Installing from PyPI

cuTile Python is published on PyPI under the cuda-tile package name and can be installed with pip:

pip install cuda-tile

Currently, the CUDA Toolkit 13.1+ is required and needs to be installed separately. On a Debian-based system, use apt-get install cuda-tileiras-13.1 cuda-compiler-13.1 instead of apt-get install cuda-toolkit-13.1 if you wish to avoid installing the full CUDA Toolkit.

Building from Source

cuTile is written mostly in Python, but includes a C++ extension which needs to be built. You will need:

  • A C++17-capable compiler, such as GNU C++ or MSVC;
  • CMake 3.18+;
  • GNU Make on Linux or msbuild on Windows;
  • Python 3.10+ with development headers (venv module is recommended but optional);
  • CUDA Toolkit 13.1+

On an Ubuntu system, the first four dependencies can be installed with APT:

sudo apt-get update && sudo apt-get install build-essential cmake python3-dev python3-venv

The CMakeLists.txt script will also automatically download the DLPack dependency from GitHub. If you wish to disable this behavior and provide your own copy of DLPack, set the CUDA_TILE_CMAKE_DLPACK_PATH environment variable to a local path to the DLPack source tree.

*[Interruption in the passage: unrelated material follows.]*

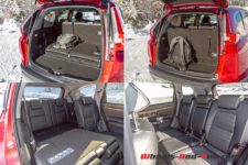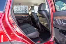 En parlant de volume de coffre, ce dernier offre 472 litres dans la configuration standard 7 places, ce qui le classe dans la moyenne basse du segment. Cependant, les choses s’améliorent sensiblement une fois tous les sièges rabattus, puisque ce sont 1’756 litres qui sont offerts, ce qui situe le CR-V dans les meilleures capacités face à la concurrence.

Unless you are already using a Python virtual environment, it is recommended to create one in order to avoid installing cuTile globally:

python3 -m venv env
source env/bin/activate

Once the build dependencies are in place, the simplest way to build cuTile is to install it in editable mode by running the following command in the source root directory:

pip install -e .

This will create the build directory and invoke the CMake-based build process. In editable mode, the compiled extension module will be placed in the build directory, and then a symbolic link to it will be created in the source directory. This makes sure that the pip install -e . command above is needed only once, and recompiling the extension after making changes to the C++ code can be done with make -C build which is much faster. This logic is defined in setup.py.

Experimental Features (Optional)

cuTile now provides an experimental package containing APIs that are still under active development. These are not part of the stable cuda.tile API and may change.

To enable the experimental features when working from a source checkout, install the experimental package from the repository root:

pip install ./experimental

You can also install it directly from a GitHub repository subdirectory:

pip install \
  "git+https://github.com/NVIDIA/cutile-python.git#egg=cuda-tile-experimental&subdirectory=experimental"

For example, this will make the experimental namespace available for autotuner:

from cuda.tile_experimental import autotune_launch, clear_autotune_cache

Running Tests

cuTile uses the pytest framework for testing. Tests have extra dependencies, such as PyTorch, which can be installed with

pip install -r test/requirements.txt

The tests are located in the test/ directory. To run a specific test file, for example test_copy.py, use the following command:

pytest test/test_copy.py

Copyright and License Information

Copyright © 2025 NVIDIA CORPORATION & AFFILIATES. All rights reserved.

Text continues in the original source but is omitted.